= Provided information =
Segment Open

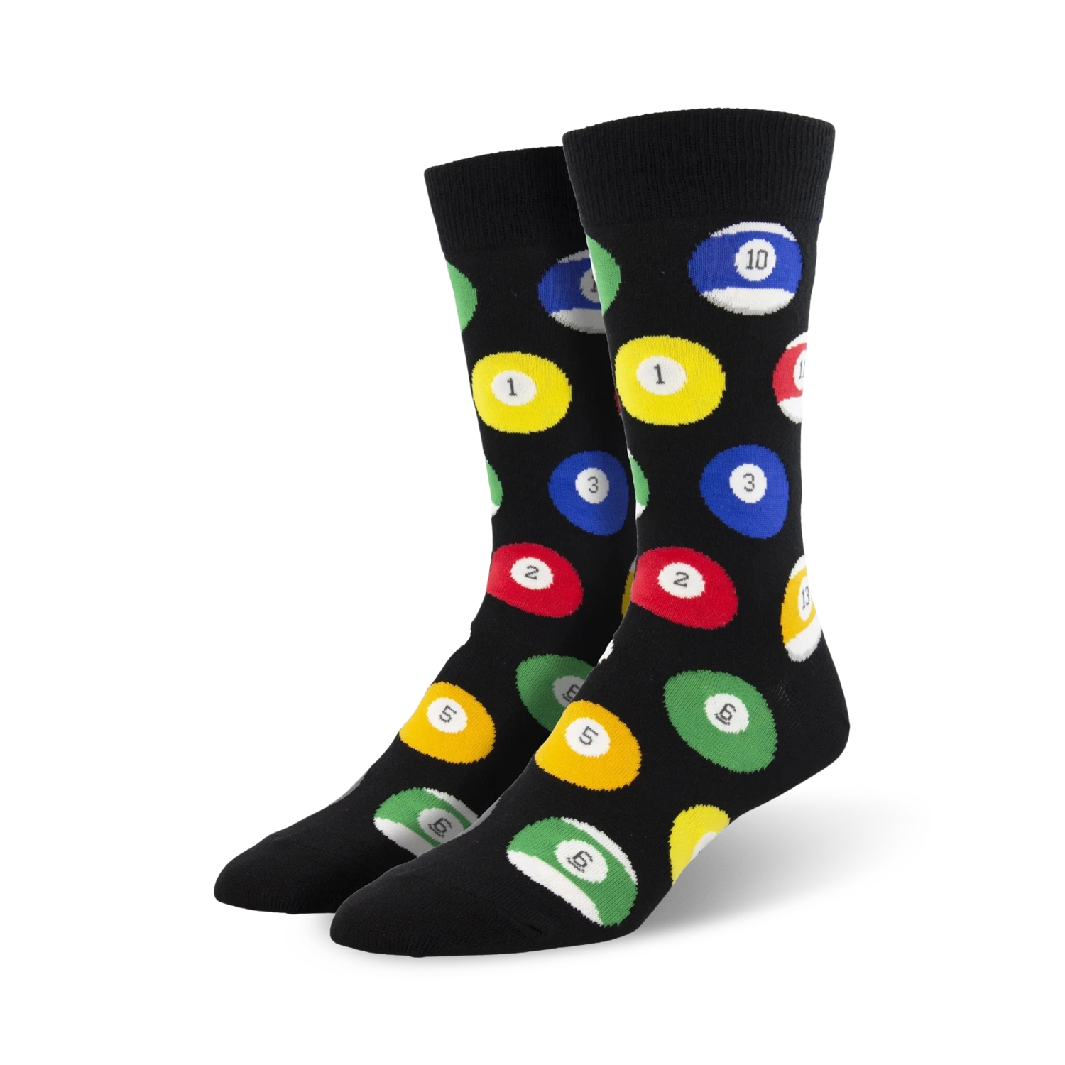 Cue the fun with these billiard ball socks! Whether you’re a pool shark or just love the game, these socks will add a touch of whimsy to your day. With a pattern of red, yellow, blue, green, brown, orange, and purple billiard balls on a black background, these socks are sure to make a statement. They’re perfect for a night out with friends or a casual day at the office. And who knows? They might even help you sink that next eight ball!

Segment Closed
Segment Open

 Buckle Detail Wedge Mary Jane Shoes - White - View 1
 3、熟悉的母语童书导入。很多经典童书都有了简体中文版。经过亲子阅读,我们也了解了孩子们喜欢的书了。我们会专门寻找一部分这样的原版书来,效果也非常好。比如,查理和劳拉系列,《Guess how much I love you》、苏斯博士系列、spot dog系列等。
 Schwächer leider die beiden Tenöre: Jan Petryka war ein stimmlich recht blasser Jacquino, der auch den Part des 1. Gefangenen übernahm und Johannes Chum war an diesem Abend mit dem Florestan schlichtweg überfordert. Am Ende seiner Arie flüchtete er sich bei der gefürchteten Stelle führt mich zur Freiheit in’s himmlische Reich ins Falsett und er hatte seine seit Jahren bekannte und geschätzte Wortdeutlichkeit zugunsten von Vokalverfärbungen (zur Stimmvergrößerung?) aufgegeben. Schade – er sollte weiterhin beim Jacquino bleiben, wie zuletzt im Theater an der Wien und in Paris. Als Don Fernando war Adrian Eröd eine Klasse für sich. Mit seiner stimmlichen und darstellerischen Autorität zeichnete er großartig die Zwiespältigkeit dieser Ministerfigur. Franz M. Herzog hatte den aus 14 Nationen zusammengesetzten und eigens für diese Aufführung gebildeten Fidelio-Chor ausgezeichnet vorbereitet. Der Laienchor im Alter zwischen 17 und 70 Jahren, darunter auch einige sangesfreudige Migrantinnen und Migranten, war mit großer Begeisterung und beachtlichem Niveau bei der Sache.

Segment Closed

= Exercise description =
Only one stretch of the data above is needed. Restate it word for word, from the line containing "Buckle Detail Wedge" through the line containing "love you》、苏斯博士系列、spot dog系列等。", both ends included.

= Exercise result =
 Buckle Detail Wedge Mary Jane Shoes - White - View 1
 3、熟悉的母语童书导入。很多经典童书都有了简体中文版。经过亲子阅读,我们也了解了孩子们喜欢的书了。我们会专门寻找一部分这样的原版书来,效果也非常好。比如,查理和劳拉系列,《Guess how much I love you》、苏斯博士系列、spot dog系列等。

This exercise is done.